Historical Social Research
Pierluigi Pironti: Warfare to Welfare: World War I and the Development of Social Legislation in Italy. [Abstract]

The First World War and the social policies supporting its victims played an essential role in the development of the Italian welfare state, its spectrum of benefits, and its organization. The relief programs for millions of soldiers and their families as well as disabled veterans and survivors led to a new dimension of state intervention in the field of social policy. The influence these programs have had on the successive reforms of the post-war period is clearly visible. An obvious example are the measures to increase the employment of disabled veterans, which were precursors of the 1919 compulsory insurance against unemployment and represented the first concrete state intervention in the labor market, meant to even out some of its flaws and help particularly disadvantaged groups of employees.
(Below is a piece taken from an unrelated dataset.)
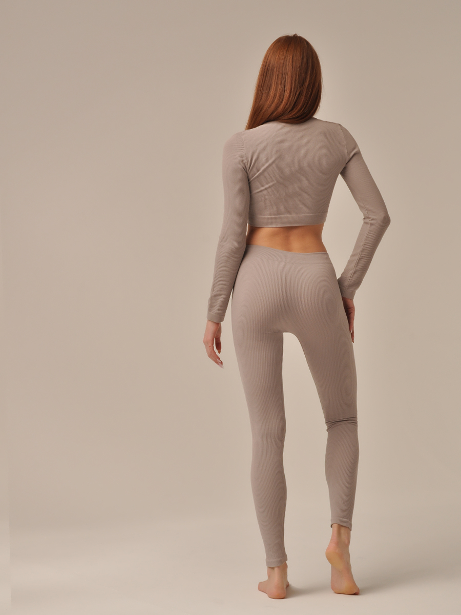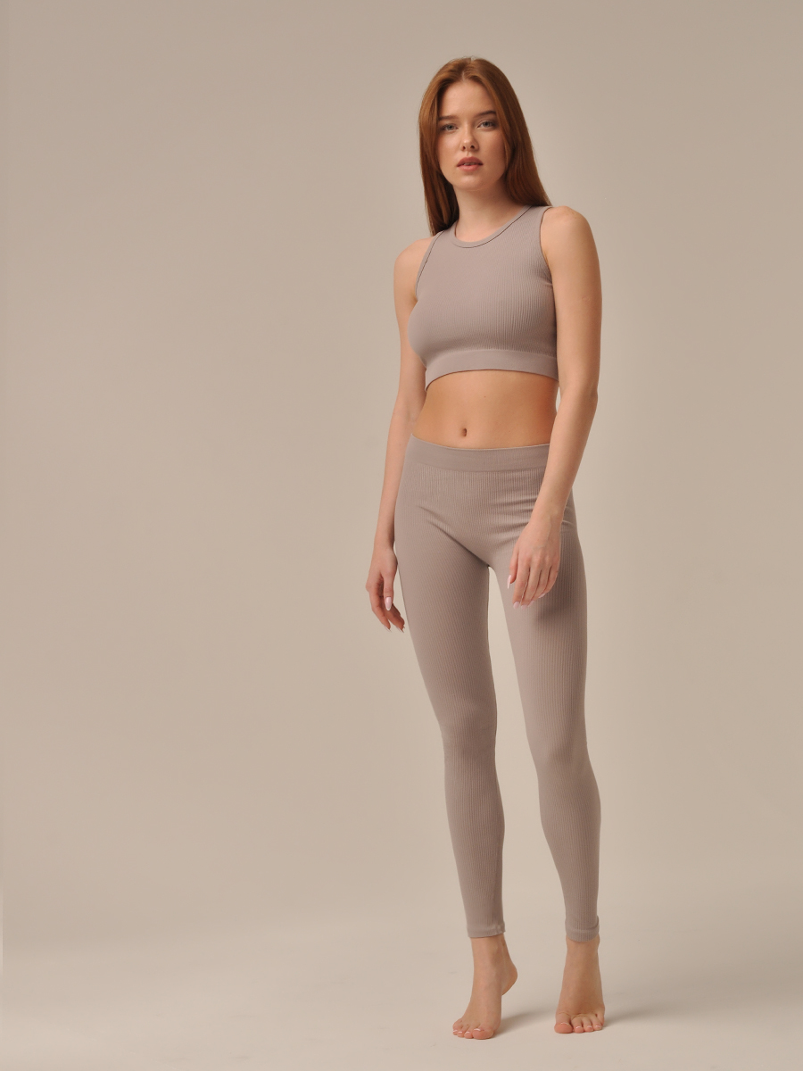Женские леггинсы в рубчик со средней посадкой из мягкой фактурной микрофибры. Модель выполнена по бесшовной технологии, без переднего и боковых швов, что обеспечивает идеальную посадку по фигуре и комфорт в течение всего дня. Леггинсы подойдут как для дома, так и для стильных городских образов.
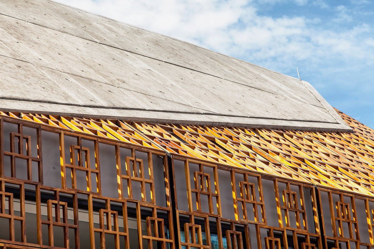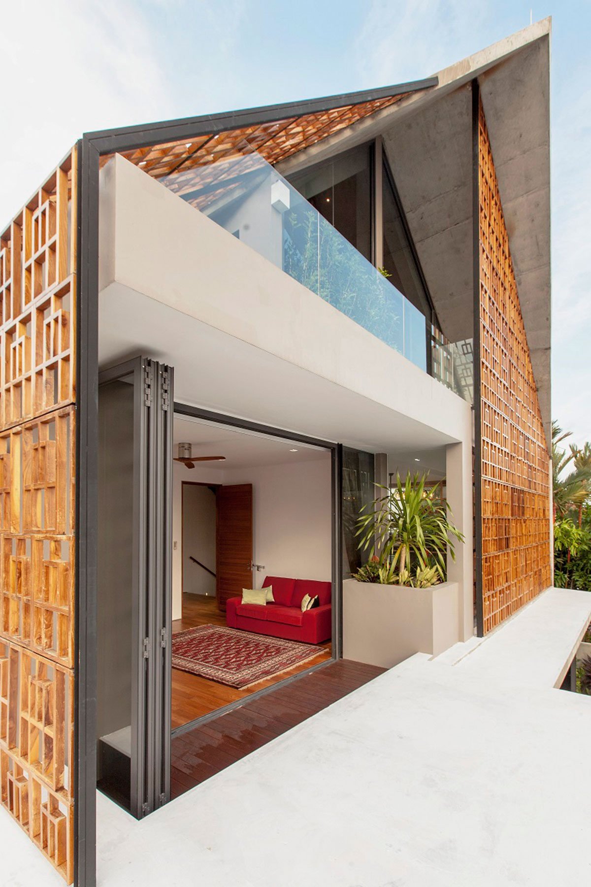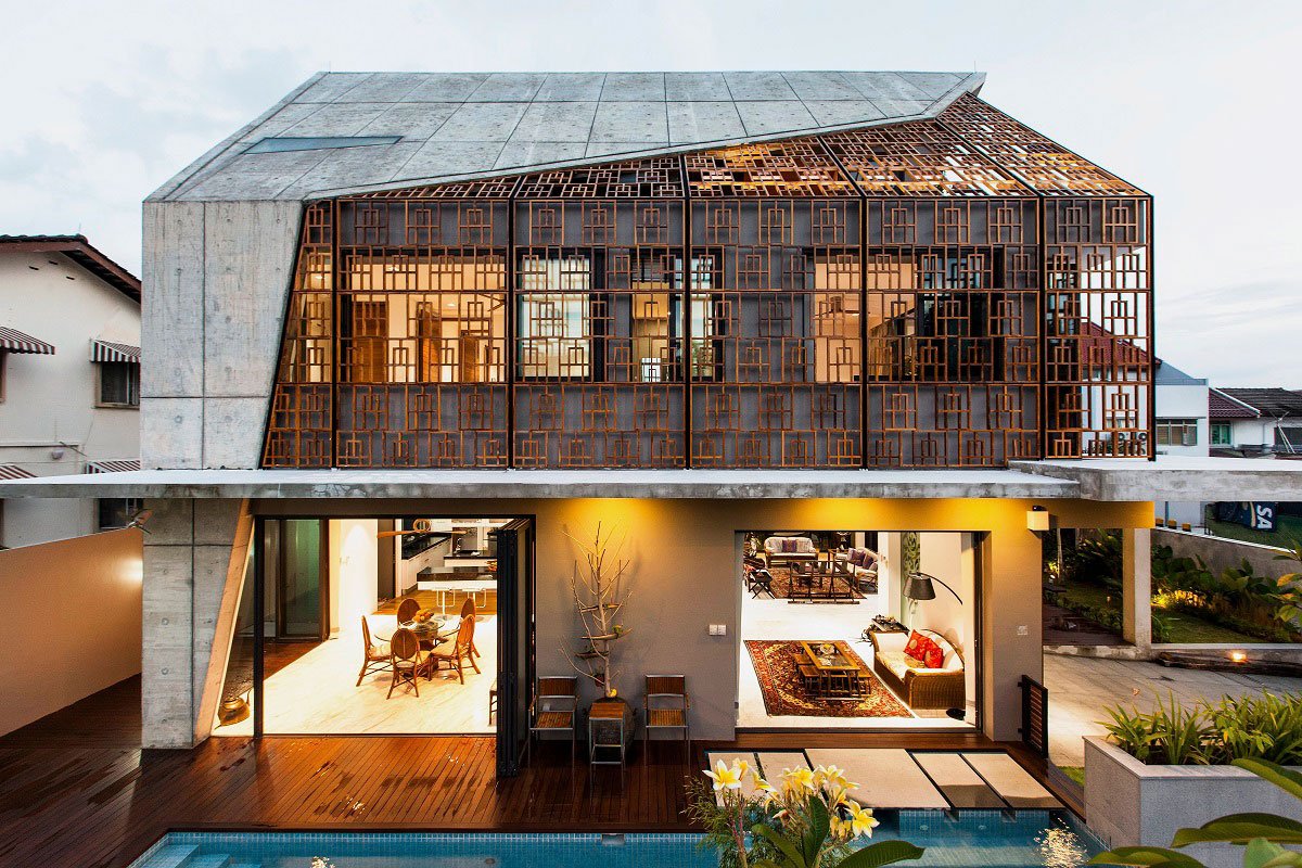 The unique combination of raw off-form concrete and finely crafted solid teak screens from Bali veils and protects the house from its harsh urban environment without compromising on views, natural light and ventilation.

Another wartime legislation that inspired post-war measures was the law supporting the Great War’s widows and orphans. It paved the way for the first and most important social law of the Italian fascist regime of the 1920s: the Law on Protection of Mothers and Children. Additionally, the modernization of relief services during the war diminished the importance of traditional charitable and confessional assistance and resulted at the same time in a nationalization of social policy. This in turn brought about the bureaucratization and technocratization of welfare services throughout state departments and public agencies. The nexus between warfare and welfare, a relationship which can be identified in several belligerent countries after the Great War, was particularly evident in Italy. During the war, a pronounced process of “compensatory state building” gripped the country, with the consolidation of new social rights guaranteed by the state going hand in hand with the limitation of several political and civil rights. This paper will, based on these considerations, analyze the connections and continuities of Italy’s social legislation during the war and post-war period. It will include modernization factors and limits and contradictory developments of the Italian welfare state between World War I, the Civil War, and the rise of fascism.